(PROBLEM TO WORK ON)
Repeat only the lines below that run from the line with "Christian Louboutin Patent" to the line with "Peter Millar Summer", ends included; skip every picture.

(LISTED RECORDS)
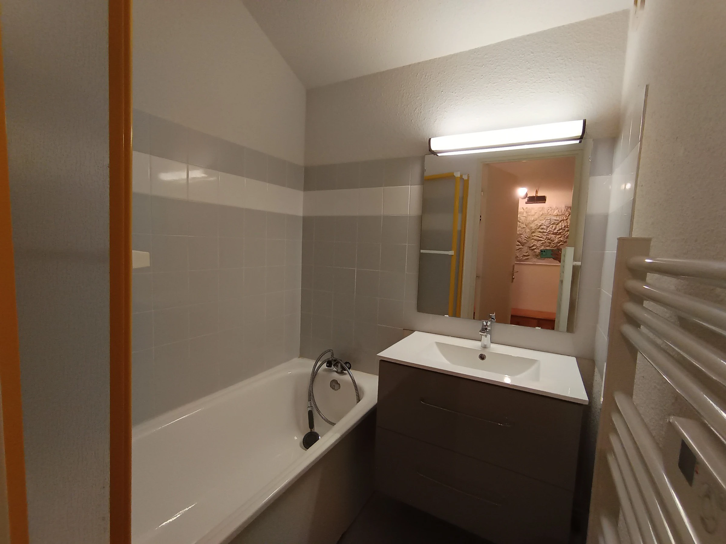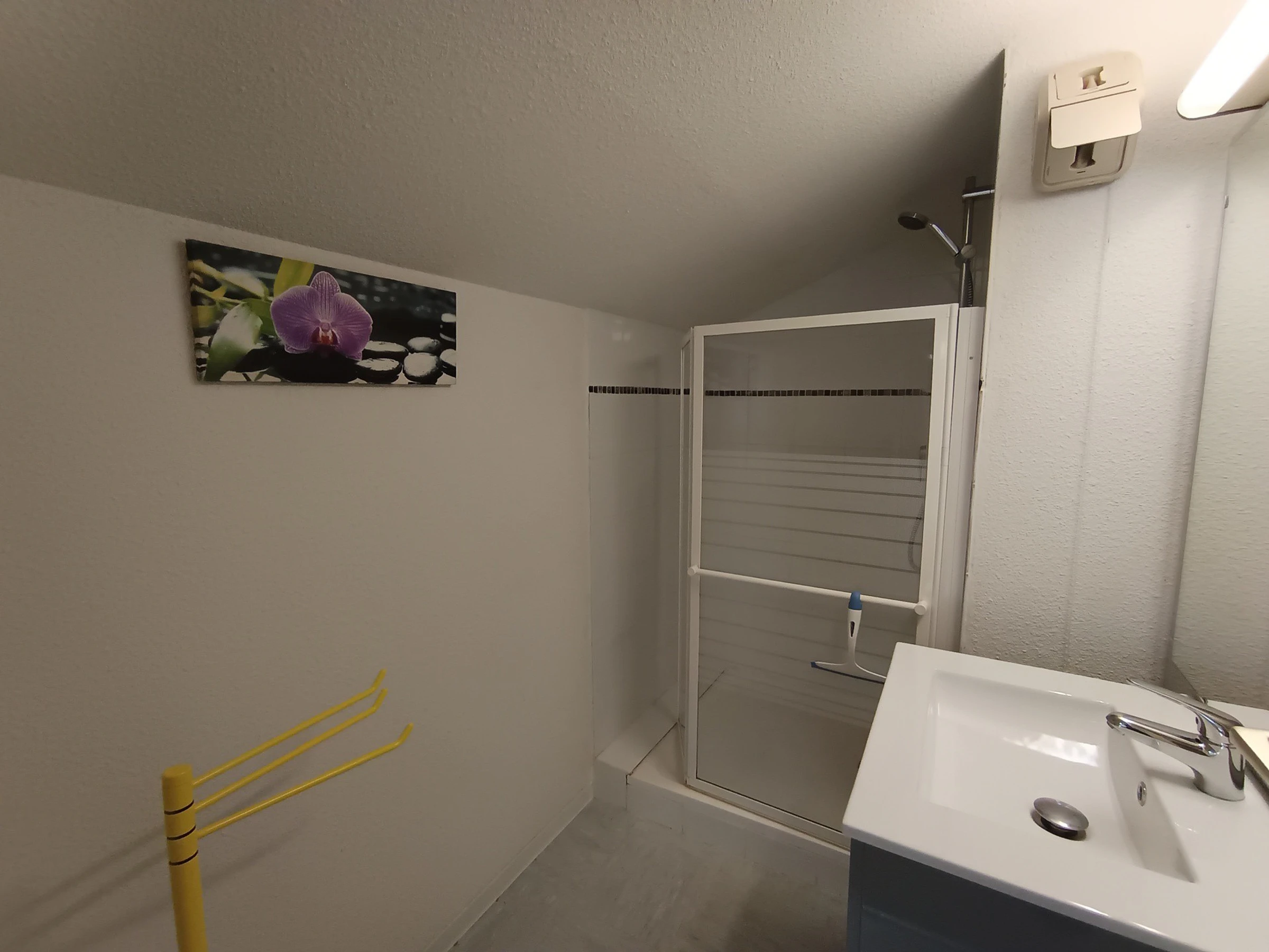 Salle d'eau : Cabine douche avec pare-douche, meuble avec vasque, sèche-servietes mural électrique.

...

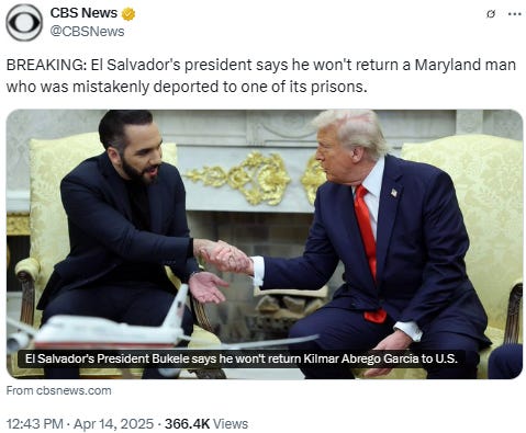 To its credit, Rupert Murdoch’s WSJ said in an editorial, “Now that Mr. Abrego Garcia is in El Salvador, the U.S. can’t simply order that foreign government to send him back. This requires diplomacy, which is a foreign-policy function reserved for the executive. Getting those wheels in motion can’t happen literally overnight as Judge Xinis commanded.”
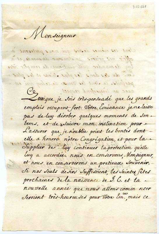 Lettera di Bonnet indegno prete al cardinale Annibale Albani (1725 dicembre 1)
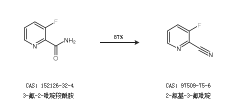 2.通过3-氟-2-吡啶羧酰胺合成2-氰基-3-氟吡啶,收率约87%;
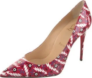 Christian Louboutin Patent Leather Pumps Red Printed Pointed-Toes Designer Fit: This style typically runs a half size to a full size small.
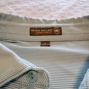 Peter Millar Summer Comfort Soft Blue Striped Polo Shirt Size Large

---

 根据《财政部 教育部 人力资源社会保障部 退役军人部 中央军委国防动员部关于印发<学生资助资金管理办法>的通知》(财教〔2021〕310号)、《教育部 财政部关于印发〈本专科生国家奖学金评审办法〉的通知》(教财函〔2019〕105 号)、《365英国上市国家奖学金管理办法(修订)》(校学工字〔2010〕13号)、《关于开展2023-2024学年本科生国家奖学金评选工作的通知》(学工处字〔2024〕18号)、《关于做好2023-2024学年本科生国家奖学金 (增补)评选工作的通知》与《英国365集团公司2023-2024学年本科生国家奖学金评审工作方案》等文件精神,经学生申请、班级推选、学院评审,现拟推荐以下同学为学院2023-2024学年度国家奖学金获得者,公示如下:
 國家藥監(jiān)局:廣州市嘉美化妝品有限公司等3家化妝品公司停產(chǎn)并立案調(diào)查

(EXERCISE RESPONSE)
 Christian Louboutin Patent Leather Pumps Red Printed Pointed-Toes Designer Fit: This style typically runs a half size to a full size small.
 Peter Millar Summer Comfort Soft Blue Striped Polo Shirt Size Large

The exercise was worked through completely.